Es ging zumindest im Rheinland relativ spät los, weil der September so trocken und sonnig war. Das hat uns im Oktober Zeit gekostet. Im November lief alles gut und erfreulich. Die Preise sind alles andere als zufriedenstellend. Da müssen wir uns sicher noch etwas einfallen lassen, wie wir die Preisgestaltung verbessern können. Dort liegt unsere größte Herausforderung.

Und dieses Preisniveau scheint auch der Grund zu sein, weshalb einige Baumschulen in ernsten finanziellen Schwierigkeiten stecken?

Über die Ursachen erfahren wir und die Öffentlichkeit immer erst sehr spät. Die erzielten Preise sind oft nicht auskömmlich. Trotzdem müssen ja weiter Aufträge geschrieben werden, dabei ist der Preiskampf enorm, und in dieser Zwickmühle steht eine Baumschule dann jeden Tag, und zwar jeder von uns.

Aber die Klagen über zu geringe Preise, die zu erzielen sind, waren vor 30 Jahren schon zu hören.

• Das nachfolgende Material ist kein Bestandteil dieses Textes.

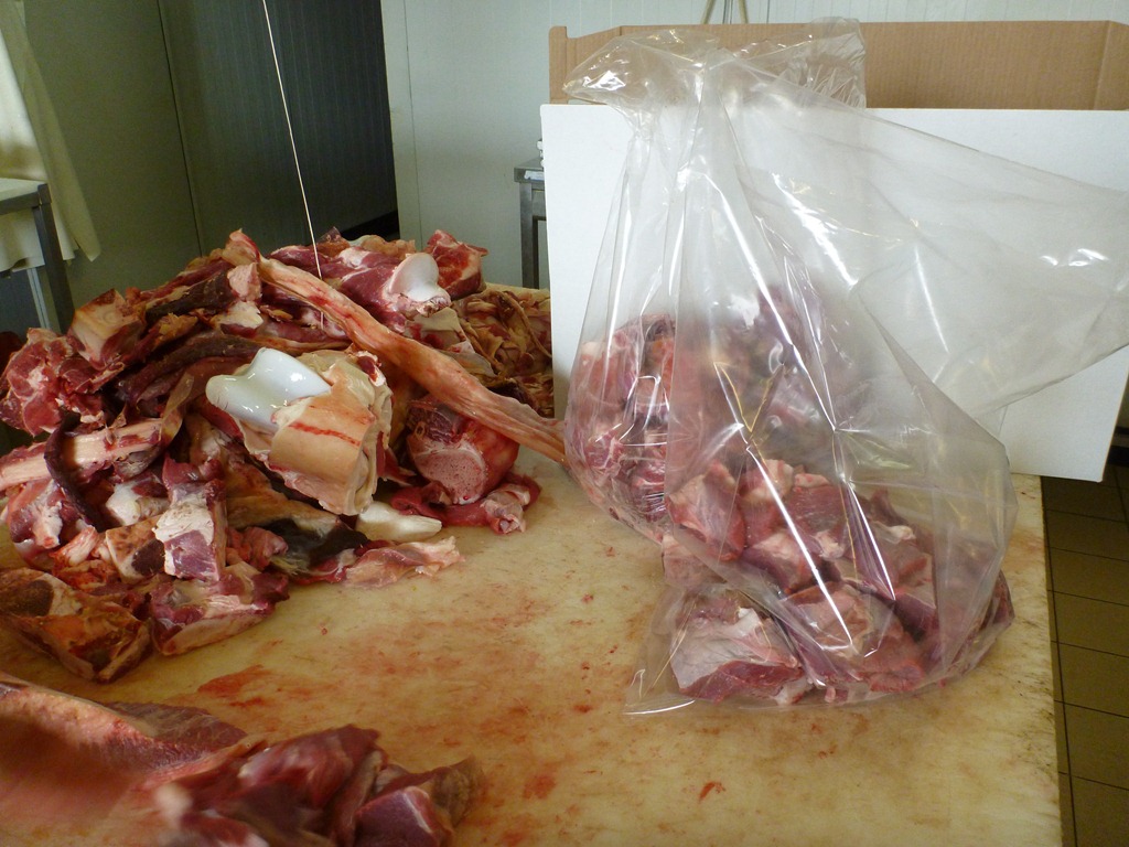 Filling up big bags for flavorful stew meat. The bones and scraps on the left will go some very happy farm dogs.

Ja, im Grunde ist die Klage immer gleich. Doch standen wir damals vor einer anderen Situation. Als wir 1982 hier in Haan begannen, haben wir noch Alleebäume per Hand ausgemacht, enorm zeitaufwendig und für die Mitarbeiter Knochenarbeit. Heute können Maschinen die gleiche Arbeit in kurzer Zeit und schonender für die Mitarbeiter erledigen. Durch Mechanisierung und Rationalisierung ist in den Baumschulen doch seit diesen Tagen viel passiert, dadurch konnten auch die Preise günstiger gemacht werden.

Warum haben sich durch Insolvenzen oder Betriebsaufgaben auch größerer Baumschulen der Markt und die Flächen noch nicht bereinigt?

So viele waren es dann auch nicht. Tatsächlich sind dann doch nicht große Produktionsflächen aus dem Markt ausgestiegen. Und um den Markt nachhaltig zu bereinigen, ist die Flächenreduktion nicht ausreichend. Erst wenn Produkte am Markt fehlen, dann kann es ein wenig besser gehen. Aber ich glaube nicht, dass dies in diesem Jahr schon passiert.

Bei der momentanen wirtschaftlichen Lage der Baumschulen – braucht der BdB da nicht eine Neuordnung nach dem Schritt des Umzugs nach Berlin?

Ohne Frage. Wir sind nicht nach Berlin gezogen, damit alles so bleibt, wie es ist. Sondern wir stellen uns neu auf, und unsere Kernprobleme können wir dort politisch direkt anbringen. Daran wollen wir stetig weiterarbeiten. Denn wir sehen weiteren Handlungsbedarf, auch um die Landesverbände zu unterstützen, die sich ja ebenfalls weiterentwickeln.

Welche Möglichkeiten sehen Sie da konkret?

Beispielsweise die Rechtsberatung, Beratung zur Betriebsübergabe, Wirtschaftsberatung, Nachbehandlung, da kann der BdB helfen. Und da können sich darüber hinaus Sparpotenziale auftun, um rationeller zu arbeiten, um nicht die Beiträge erhöhen zu müssen. Vielleicht können wir das eine oder andere Geschäftsfeld aufnehmen, da möchte der BdB mehr für seine Mitglieder tun. Eine wirtschaftliche Betätigung, wie eine Versicherung für Arbeitsrecht anbieten.

Das komplette Interview mit BdB-Präsident Helmut Selders lesen Sie in der TASPO 51/2016, die am 23. Dezember erschienen ist.

 

Leserkommentare


  1. Es ist und bleibt ein schwieriger Spagat: ökonomisch angetrieben beliefert die Baumschulwirtschaft jeden Kunden für alle Standortsituationen, andererseits können immer weniger Kunden die Gehölze effizient zum Anwuchs bringen. Hieraus resultierende Reklamationen werden nahezu ausschließlich vom Lieferbetrieb erfüllt, jedoch nicht vom Verursacher! Hierdurch sinkt die Wertschätzung des Lebewesens "Baumschulgehölz" noch weiter. Ich bin mir sicher, dass die Zeit für ein verstärktes Dienstleistungsangebot seitens der Betriebe zur Sicherung des Anwuchses genauso überfällig ist wie auch mitunter eine medienwirksame Verweigerung der Pflanzenauslieferung. Die fachlichen Abhängigkeiten müssen merklich in den Vordergrund treten!